▸ **Task prompt**:
When a record holds a picture, leave the picture out and copy everything else exactly.

════

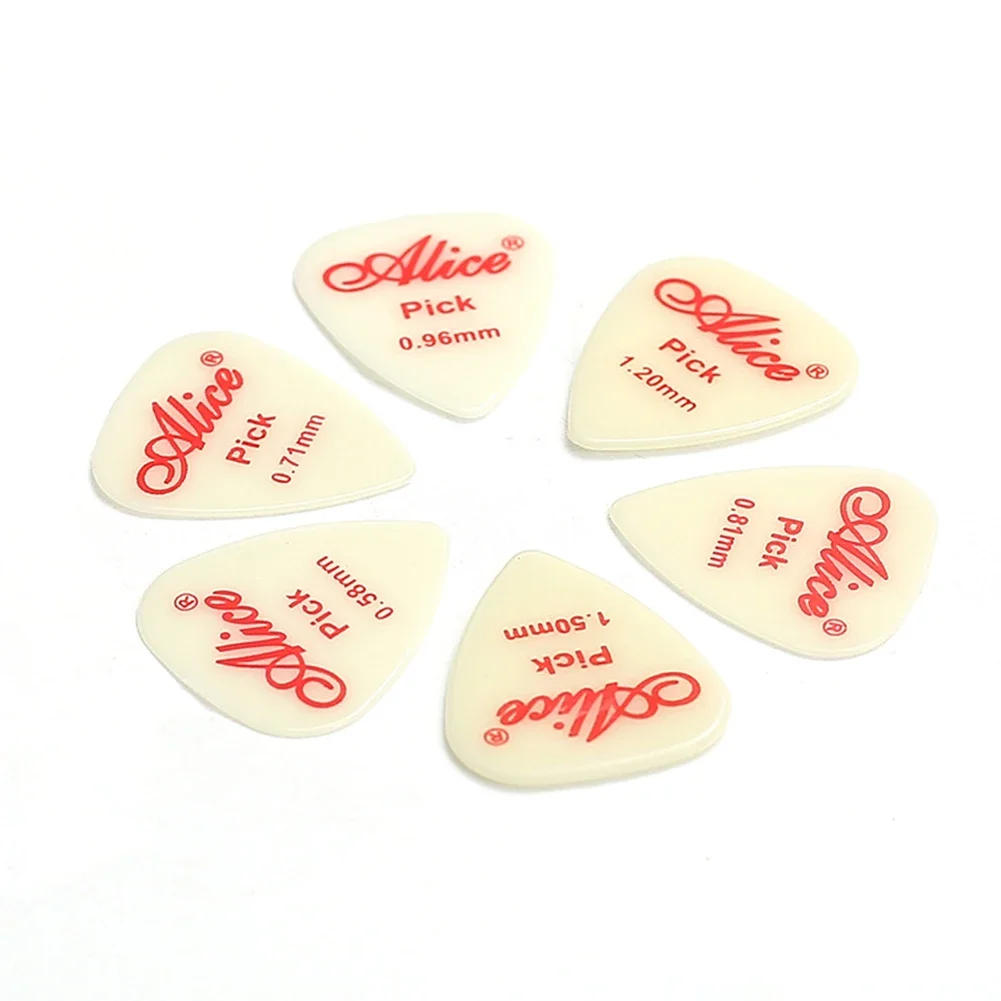 Alice Luminous Guitar Picks Fluorescent 0.58/0.71/0.81/0.96/1.2/1.5mm 25mm * 30mm 6 Pcs Acoustic Electric Guitars
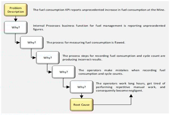 Discovering the properties of the CFKPIs enabled efficient troubleshooting through the adoption of the 5 WHYs root cause analysis technique. The root causes for performance predicaments were able to be traced from enterprise functions to business functions, processes, process steps, and resources. This enabled the mine to locate and optimize the components of the CFKPIs that caused underperformance. The mine was also able to determine the components of the CFKPIs that underpinned good performances and to pinpoint those components that required optimization. The properties were also used for predictive analytics by monitoring the performance of the CFKPIs’ components and subsequently predicting the future outcome. This allowed the mine to act swiftly and optimize or replace the problematic components to avoid underperformance.
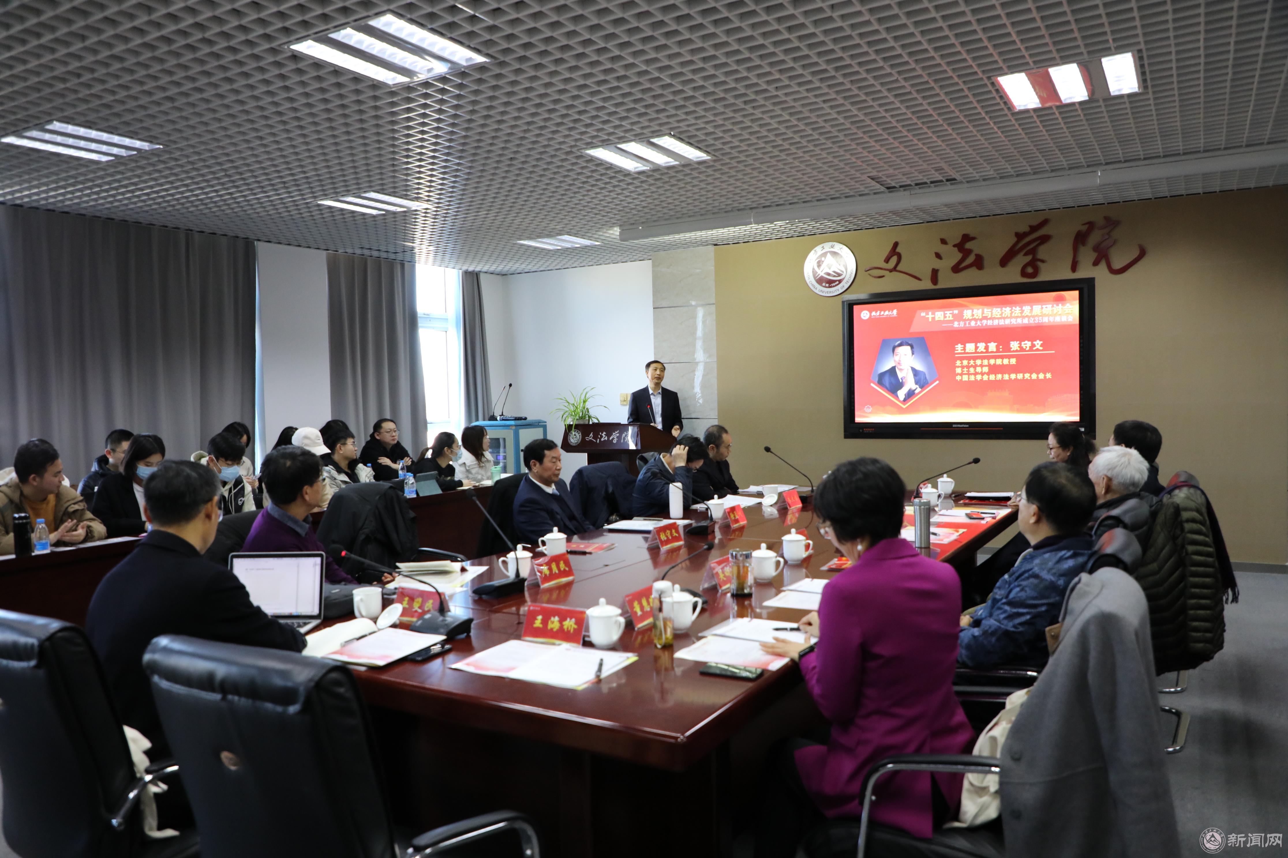 12月4日,“十四五”规划与经济法发展研讨会暨世界杯官网经济法研究所成立35周年座谈会在瀚学楼710召开。副校长王建稳,文法学院院长、教授刘泽军,经济法研究所原所长、教授张士元,北京大学法学院教授、中国法学会经济法学研究会会长张守文,中国人民大学法学院教授、世界杯官网客座教授徐孟洲,中国人民大学法学院教授、北京市经济法学会会长朱大旗,中国社会科学院法学所教授、中国社科院法学所经济法室主任席月民,首都经贸大学法学院院长、教授张世君,经济法研究所所长、教授董慧凝,法律系系主任、教授王海桥及部分法律系教师、研究生40多人参加了本次研讨会。
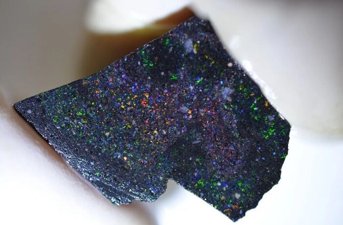 Ik bied je een prachtige ruwe vuuropaal uit Honduras aan die alle kleuren van de regenboog heeft.
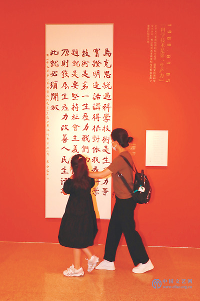 习近平总书记强调:“一切伟大成就都是接续奋斗的结果,一切伟大事业都需要在继往开来中推进。”衷心希望广大书法工作者以这次展览为契机,进一步深入学习贯彻习近平新时代中国特色社会主义思想,特别是习近平总书记关于文艺工作的重要论述,胸怀两个大局,心系国之大者,增强文化自信,自觉承担起举旗帜、聚民心、育新人、兴文化、展形象的使命任务,真正做到胸中有大义、心里有人民、肩头有责任、笔下有乾坤。衷心希望广大书法工作者认真参与“四史”特别是党史学习教育,固本培元、砥砺品格,真正做到学史明理、学史增信、学史崇德、学史力行,用心用情用功传承红色文化基因、书写伟大时代华章,为建设社会主义文化强国、全面建设社会主义现代化国家贡献力量!
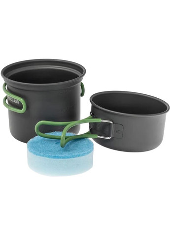 Набір посуду Rockland Travel Pro створений для мандрівників, котрі полюбляють подорожувати з мінімумом спорядження, адже розмір набору в складеному вигляді 155х113 мм, а вага 215 г. Компактний та багатофункціональний посуд укомплектований транспортною сумкою, двосторонньою губкою та двома каструлями - 0,75 л і 0,3 л (верхня каструля може слугувати кришкою). Каструлі мають спеціальні складані ручки з силіконовою ізоляцією. Набір легко складається, завдяки компактному дизайну, всередину можна помістити газовий пальник 230 г, що робить набір Travel Pro ще привабливішим для туристів, що полюбляють подорожувати наодинці. Матеріал посуду анодований алюміній, який надає швидкий та рівномірний нагрів на газовому обладнанні або з використанням газового пальника, також призначений для використання на відкритому вогні або вугіллі.
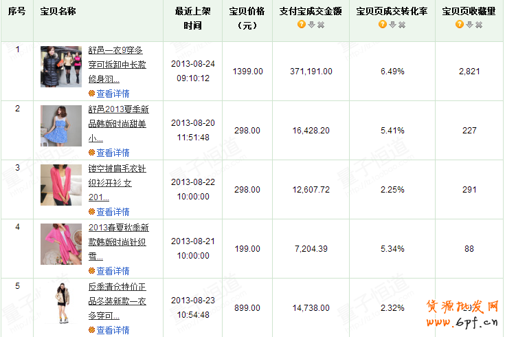 例:如下圖所示,綜合數(shù)據(jù)發(fā)現(xiàn)1號(hào)寶貝轉(zhuǎn)化率高達(dá)6%,收藏率高達(dá)2800!通過(guò)其他數(shù)據(jù)綜合對(duì)比,最終確定1號(hào)為聚劃算款式。

════

▸ **Exercise result**:
 Alice Luminous Guitar Picks Fluorescent 0.58/0.71/0.81/0.96/1.2/1.5mm 25mm * 30mm 6 Pcs Acoustic Electric Guitars
 Discovering the properties of the CFKPIs enabled efficient troubleshooting through the adoption of the 5 WHYs root cause analysis technique. The root causes for performance predicaments were able to be traced from enterprise functions to business functions, processes, process steps, and resources. This enabled the mine to locate and optimize the components of the CFKPIs that caused underperformance. The mine was also able to determine the components of the CFKPIs that underpinned good performances and to pinpoint those components that required optimization. The properties were also used for predictive analytics by monitoring the performance of the CFKPIs’ components and subsequently predicting the future outcome. This allowed the mine to act swiftly and optimize or replace the problematic components to avoid underperformance.
 12月4日,“十四五”规划与经济法发展研讨会暨世界杯官网经济法研究所成立35周年座谈会在瀚学楼710召开。副校长王建稳,文法学院院长、教授刘泽军,经济法研究所原所长、教授张士元,北京大学法学院教授、中国法学会经济法学研究会会长张守文,中国人民大学法学院教授、世界杯官网客座教授徐孟洲,中国人民大学法学院教授、北京市经济法学会会长朱大旗,中国社会科学院法学所教授、中国社科院法学所经济法室主任席月民,首都经贸大学法学院院长、教授张世君,经济法研究所所长、教授董慧凝,法律系系主任、教授王海桥及部分法律系教师、研究生40多人参加了本次研讨会。
 Ik bied je een prachtige ruwe vuuropaal uit Honduras aan die alle kleuren van de regenboog heeft.
 习近平总书记强调:“一切伟大成就都是接续奋斗的结果,一切伟大事业都需要在继往开来中推进。”衷心希望广大书法工作者以这次展览为契机,进一步深入学习贯彻习近平新时代中国特色社会主义思想,特别是习近平总书记关于文艺工作的重要论述,胸怀两个大局,心系国之大者,增强文化自信,自觉承担起举旗帜、聚民心、育新人、兴文化、展形象的使命任务,真正做到胸中有大义、心里有人民、肩头有责任、笔下有乾坤。衷心希望广大书法工作者认真参与“四史”特别是党史学习教育,固本培元、砥砺品格,真正做到学史明理、学史增信、学史崇德、学史力行,用心用情用功传承红色文化基因、书写伟大时代华章,为建设社会主义文化强国、全面建设社会主义现代化国家贡献力量!
 Набір посуду Rockland Travel Pro створений для мандрівників, котрі полюбляють подорожувати з мінімумом спорядження, адже розмір набору в складеному вигляді 155х113 мм, а вага 215 г. Компактний та багатофункціональний посуд укомплектований транспортною сумкою, двосторонньою губкою та двома каструлями - 0,75 л і 0,3 л (верхня каструля може слугувати кришкою). Каструлі мають спеціальні складані ручки з силіконовою ізоляцією. Набір легко складається, завдяки компактному дизайну, всередину можна помістити газовий пальник 230 г, що робить набір Travel Pro ще привабливішим для туристів, що полюбляють подорожувати наодинці. Матеріал посуду анодований алюміній, який надає швидкий та рівномірний нагрів на газовому обладнанні або з використанням газового пальника, також призначений для використання на відкритому вогні або вугіллі.
 例:如下圖所示,綜合數(shù)據(jù)發(fā)現(xiàn)1號(hào)寶貝轉(zhuǎn)化率高達(dá)6%,收藏率高達(dá)2800!通過(guò)其他數(shù)據(jù)綜合對(duì)比,最終確定1號(hào)為聚劃算款式。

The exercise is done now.